### Problem
What you return should be only the lines in the entries below between the one holding "Магазин местной мясной" and the one holding "Varje svit har", ends included, with every picture left out.

#### Provided material

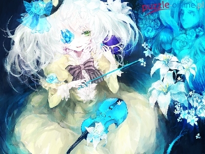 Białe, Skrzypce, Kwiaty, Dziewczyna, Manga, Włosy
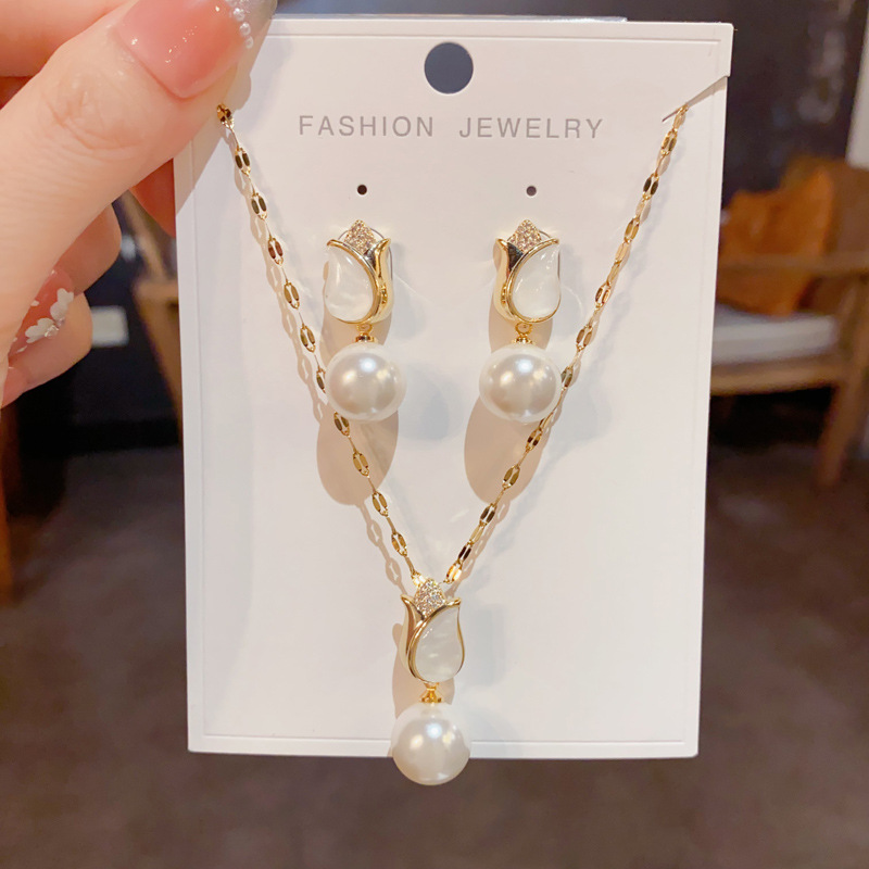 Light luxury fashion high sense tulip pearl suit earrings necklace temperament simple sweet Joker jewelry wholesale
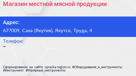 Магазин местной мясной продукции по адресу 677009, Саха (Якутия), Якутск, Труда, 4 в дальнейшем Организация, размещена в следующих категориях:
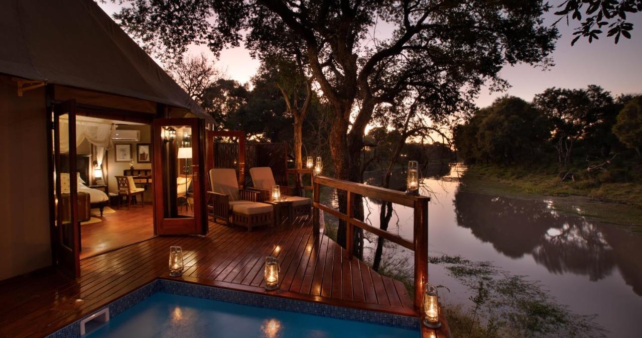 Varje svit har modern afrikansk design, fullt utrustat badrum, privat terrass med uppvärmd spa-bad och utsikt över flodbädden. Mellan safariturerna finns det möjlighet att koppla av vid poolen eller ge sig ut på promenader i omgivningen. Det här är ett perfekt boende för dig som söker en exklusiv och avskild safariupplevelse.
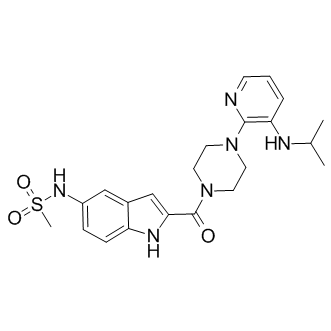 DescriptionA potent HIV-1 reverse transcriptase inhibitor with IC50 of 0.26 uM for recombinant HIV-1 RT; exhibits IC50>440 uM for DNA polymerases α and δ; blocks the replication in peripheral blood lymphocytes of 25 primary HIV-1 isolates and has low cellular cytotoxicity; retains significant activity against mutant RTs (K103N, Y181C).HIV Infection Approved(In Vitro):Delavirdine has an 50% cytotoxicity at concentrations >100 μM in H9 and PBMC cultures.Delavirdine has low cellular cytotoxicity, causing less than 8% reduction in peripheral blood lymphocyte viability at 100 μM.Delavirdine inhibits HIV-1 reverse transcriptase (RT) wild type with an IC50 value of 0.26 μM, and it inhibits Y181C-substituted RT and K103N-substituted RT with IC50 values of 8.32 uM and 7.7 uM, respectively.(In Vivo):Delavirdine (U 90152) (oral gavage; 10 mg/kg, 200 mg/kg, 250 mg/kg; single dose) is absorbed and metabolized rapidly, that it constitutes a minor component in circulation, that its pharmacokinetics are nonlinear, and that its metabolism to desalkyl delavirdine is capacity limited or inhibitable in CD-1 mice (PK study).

########

### Answer space
 Магазин местной мясной продукции по адресу 677009, Саха (Якутия), Якутск, Труда, 4 в дальнейшем Организация, размещена в следующих категориях:
 Varje svit har modern afrikansk design, fullt utrustat badrum, privat terrass med uppvärmd spa-bad och utsikt över flodbädden. Mellan safariturerna finns det möjlighet att koppla av vid poolen eller ge sig ut på promenader i omgivningen. Det här är ett perfekt boende för dig som söker en exklusiv och avskild safariupplevelse.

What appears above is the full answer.